==== SOURCE DATA

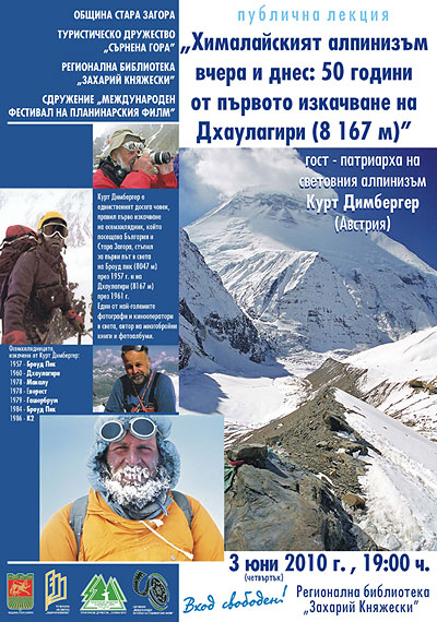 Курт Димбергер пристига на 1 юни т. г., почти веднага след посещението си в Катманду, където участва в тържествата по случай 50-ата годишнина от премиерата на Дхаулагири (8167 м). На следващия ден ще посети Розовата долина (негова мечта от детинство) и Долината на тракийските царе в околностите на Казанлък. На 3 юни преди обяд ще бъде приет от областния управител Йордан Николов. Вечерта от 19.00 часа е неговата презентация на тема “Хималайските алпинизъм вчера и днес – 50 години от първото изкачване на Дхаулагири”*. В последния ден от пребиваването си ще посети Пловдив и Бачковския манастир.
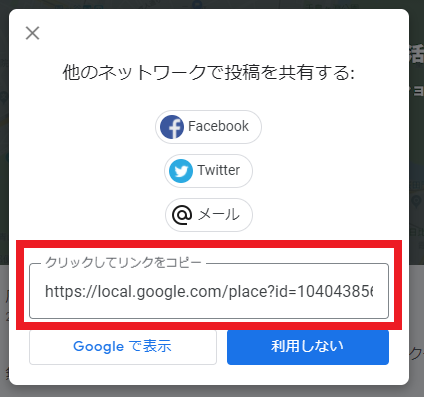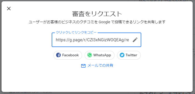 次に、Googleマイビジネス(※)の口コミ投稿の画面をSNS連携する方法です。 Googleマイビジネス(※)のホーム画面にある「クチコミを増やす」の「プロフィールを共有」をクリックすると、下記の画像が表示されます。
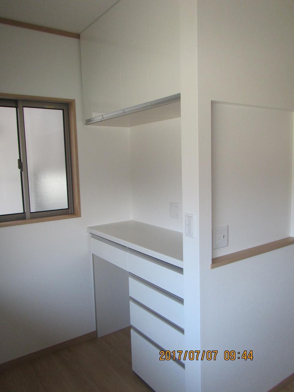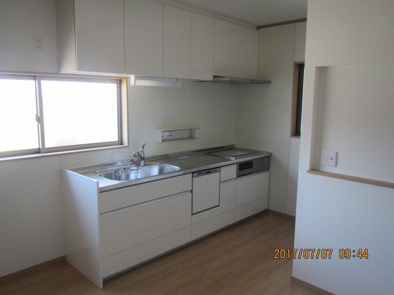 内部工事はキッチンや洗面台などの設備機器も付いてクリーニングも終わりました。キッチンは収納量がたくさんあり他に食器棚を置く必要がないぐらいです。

========

REQUIRED WORK — Print the complete listing exactly, apart from any pictures.

ANSWER —
 Курт Димбергер пристига на 1 юни т. г., почти веднага след посещението си в Катманду, където участва в тържествата по случай 50-ата годишнина от премиерата на Дхаулагири (8167 м). На следващия ден ще посети Розовата долина (негова мечта от детинство) и Долината на тракийските царе в околностите на Казанлък. На 3 юни преди обяд ще бъде приет от областния управител Йордан Николов. Вечерта от 19.00 часа е неговата презентация на тема “Хималайските алпинизъм вчера и днес – 50 години от първото изкачване на Дхаулагири”*. В последния ден от пребиваването си ще посети Пловдив и Бачковския манастир.
 次に、Googleマイビジネス(※)の口コミ投稿の画面をSNS連携する方法です。 Googleマイビジネス(※)のホーム画面にある「クチコミを増やす」の「プロフィールを共有」をクリックすると、下記の画像が表示されます。
 内部工事はキッチンや洗面台などの設備機器も付いてクリーニングも終わりました。キッチンは収納量がたくさんあり他に食器棚を置く必要がないぐらいです。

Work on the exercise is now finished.